Moss shot him a look and the Talyrian winced, before breaking into a toothful smirk.

“And where is Teefee and Zafrina?” Moss asked, placing her hands on her hips.

Rahdayo blushed, his old habit of looking around when trying to be avoidant was all too apparent. She knew something had happened. So she just sighed, rubbing the bridge of her nose before asking once again, “Where are they?”

“Teefee’s at the pillory.” he whispered. “Zafrina is… Occupied.”

Moss felt her face furrow with annoyance.
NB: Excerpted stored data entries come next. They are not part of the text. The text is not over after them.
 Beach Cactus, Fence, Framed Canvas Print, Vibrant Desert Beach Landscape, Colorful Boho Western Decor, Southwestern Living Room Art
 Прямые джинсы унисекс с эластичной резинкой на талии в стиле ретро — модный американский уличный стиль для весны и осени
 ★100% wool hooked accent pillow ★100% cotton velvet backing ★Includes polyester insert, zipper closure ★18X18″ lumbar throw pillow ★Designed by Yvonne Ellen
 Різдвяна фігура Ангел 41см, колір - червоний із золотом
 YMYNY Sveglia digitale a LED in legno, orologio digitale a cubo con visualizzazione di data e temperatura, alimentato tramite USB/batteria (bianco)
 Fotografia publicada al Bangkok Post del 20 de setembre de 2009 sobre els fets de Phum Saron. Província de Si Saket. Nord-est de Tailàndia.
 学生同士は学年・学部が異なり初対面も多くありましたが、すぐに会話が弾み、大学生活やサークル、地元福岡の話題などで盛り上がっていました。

A moment later, Rahdayo was leading Moss into the town. The bustle and hubbub of trading hours were in full swing. Beastfolk, goblins, humans, even an elf or two- mingling about and bartering. Sweetdew was far away from the region's capital, Ahdor, but still well within its protecting influence. There would always be bandits prowling after the unsuspecting but Ahdorian soldiers patrolled the well worn roads and streets within the Kingdom. Hence the pleasant atmosphere. Past Sweetdew however, there were only the wilds between nations. No man’s land, prowling with all sorts of people and terrors.
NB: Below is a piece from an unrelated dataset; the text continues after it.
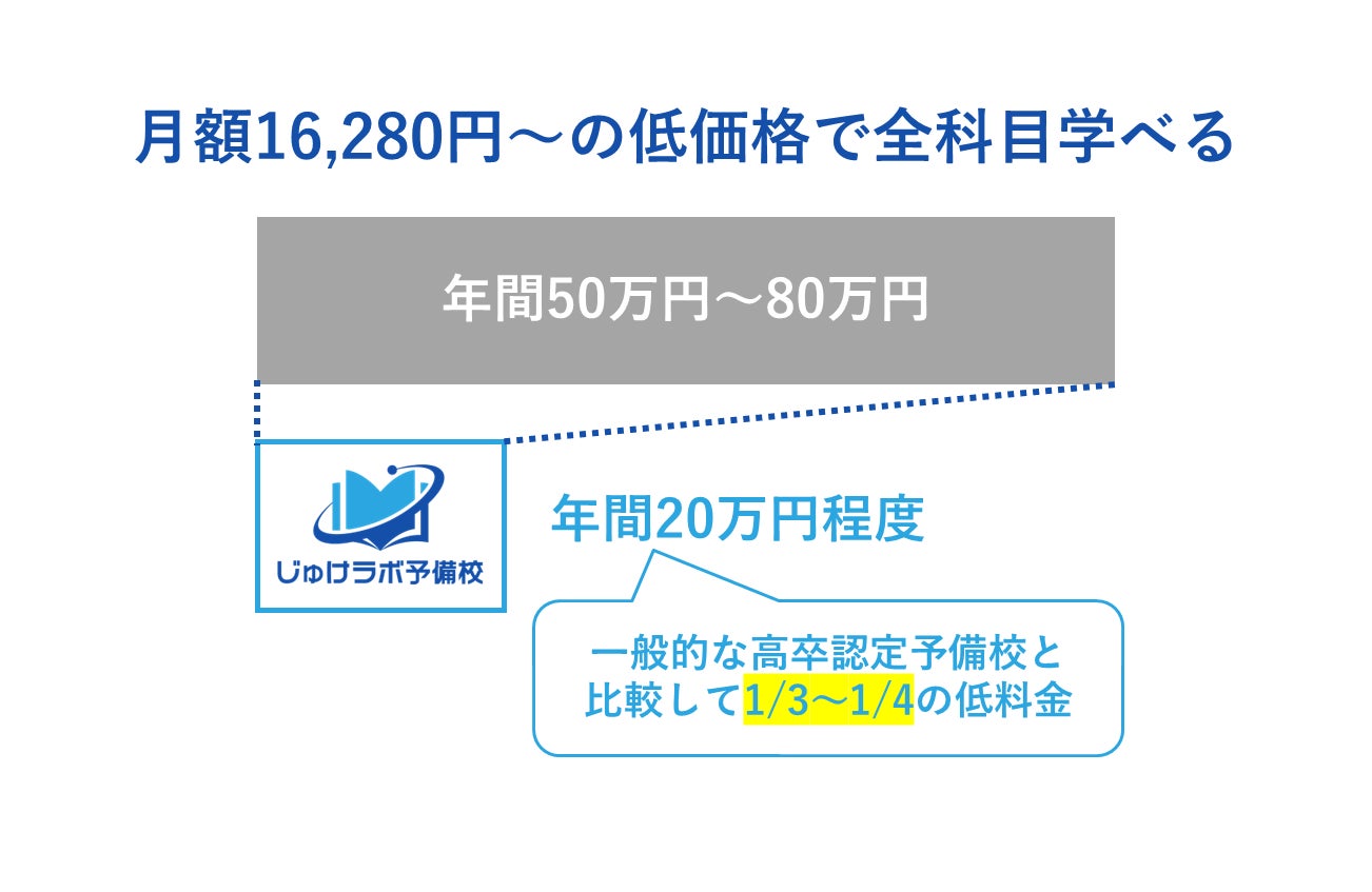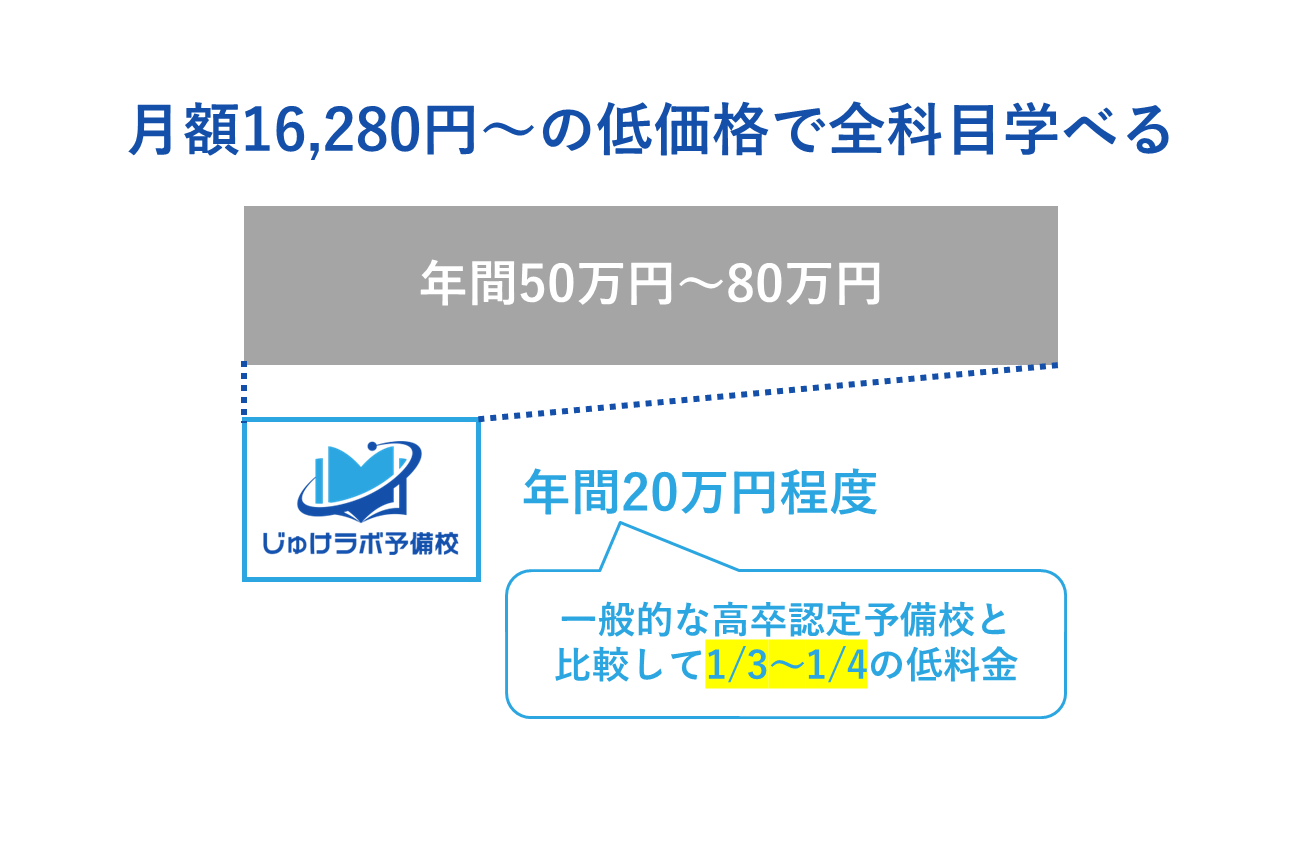 通常、高卒認定予備校の学費は入学金や受講料を合わせると、年間50万〜80万円が相場である事を考えると、じゅけラボの高卒認定対策コースは1年間受講しても20万円程度なので1/3〜1/4の安い費用で受講できるので経済的です。

It didn’t take long for Moss to notice Teefee. In the bustling town square, off to the right side, sat two raised platforms. Weather beaten and stained, a crowd stood around and gawked. On the highest platform sat the empty gallows but beneath that sat two pillory boxes. The one left of the gallows was empty but the right one held Teefee. The beastkin girl had her arms and head in the pillory and she was facing the floor. Her once pristine white hair was stained with bits of fruit and… Well, Moss didn’t want to guess.

“I told her not to do it.” Rahdayo whispered vehemently. “And then I tried to get her out but the guards wouldn’t have it. Said she was a thief and the punishment could have been worse.” Teefee’s cat ears twitched.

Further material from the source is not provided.